Besides the many positives, there were concerns expressed about whether Microsoft would make the technology available beyond Windows. Ben Laurie wrote:
Kim and Stefan blog about Microsoft’s acquisition of Stefan’s selective disclosure patents and technologies, which I’ve blogged about many times before.
This is potentially great news, especially if one interprets Kim’s
Our goal is that Minimal Disclosure Tokens will become base features of identity platforms and products, leading to the safest possible intenet. I don’t think the point here is ultimately to make a dollar. It’s about building a system of identity that can withstand the ravages that the Internet will unleash.

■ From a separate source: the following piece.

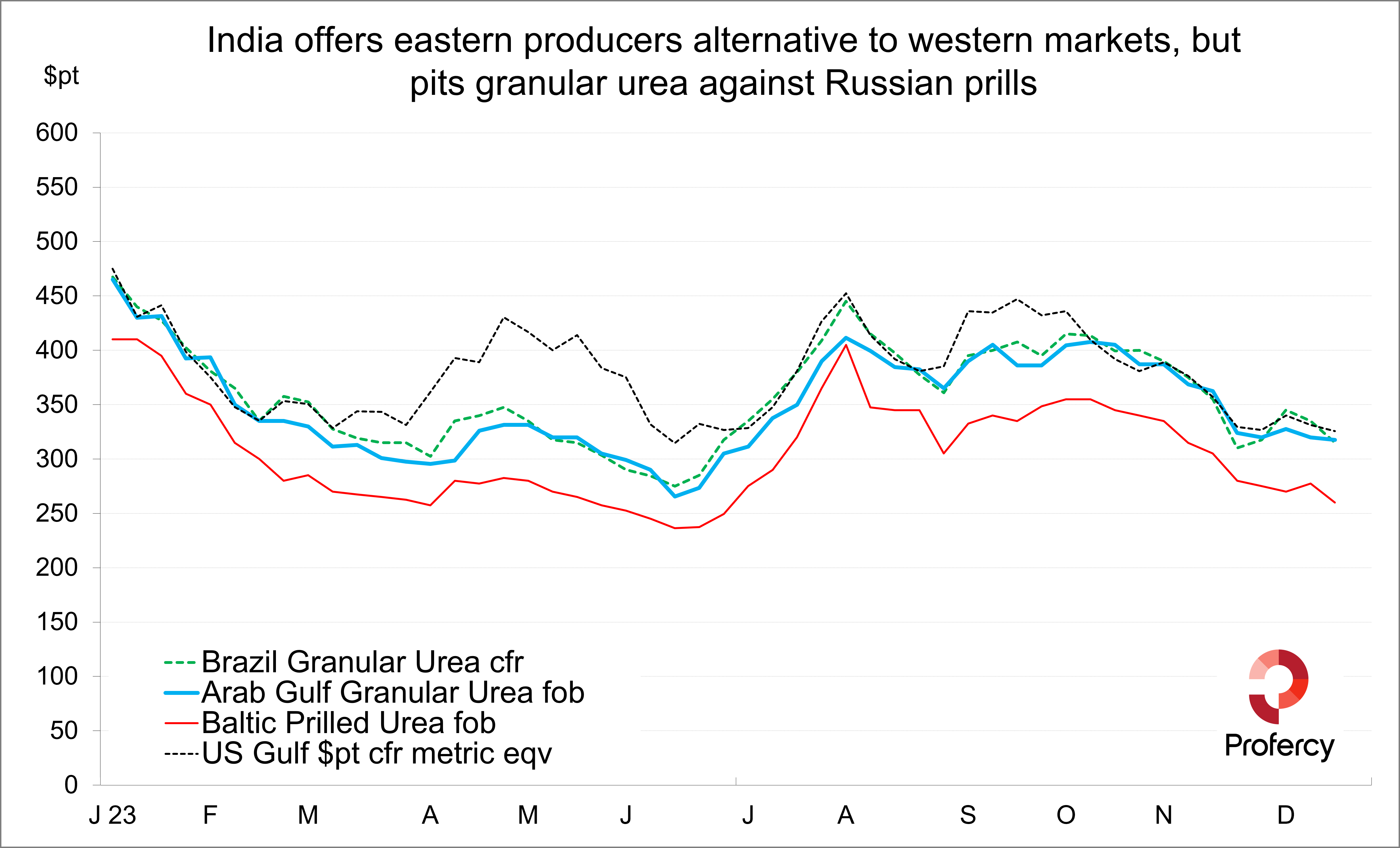 India is likely to define market values into January. The latest tender is set to see considerable producer interest, particularly from prilled urea producers in Russia, as well as Middle East and SE Asian suppliers. Egyptian prilled urea could also be offered. One positive for suppliers is that China is showing little export interest.

in the most positive way. Unfortunately, comments such as this from Stefan
Microsoft plans to integrate the technology into Windows Communication Foundation and Windows Cardspace.
and this from Microsoft’s Privacy folk
When this technology is broadly available in Microsoft products (such as Windows Communication Foundation and Windows Cardspace), enterprises, governments, and consumers all stand to benefit from the enhanced security and privacy that it will enable.
sound more like the Microsoft we know and love.
I hope everyone who reads this blog knows that it is elementary, my dear Laurie, that identity technology must work across boundaries, platforms and vendors (Law 5 – not to mention, “Since the identity system has to work on all platforms, it must be safe on all platforms”).
That doesn't mean it is trivial to figure out the best legal mecahnisms for making the intellectual property and even the code available to the ecosystem. Lawyers are needed, and it takes a while. But I can guarantee everyone that I have zero intention of hoarding Minimal Disclosure Tokens or turning U-Prove into a proprietary Microsoft technology silo.
Like, it's 2008, right? Give me a break, guys!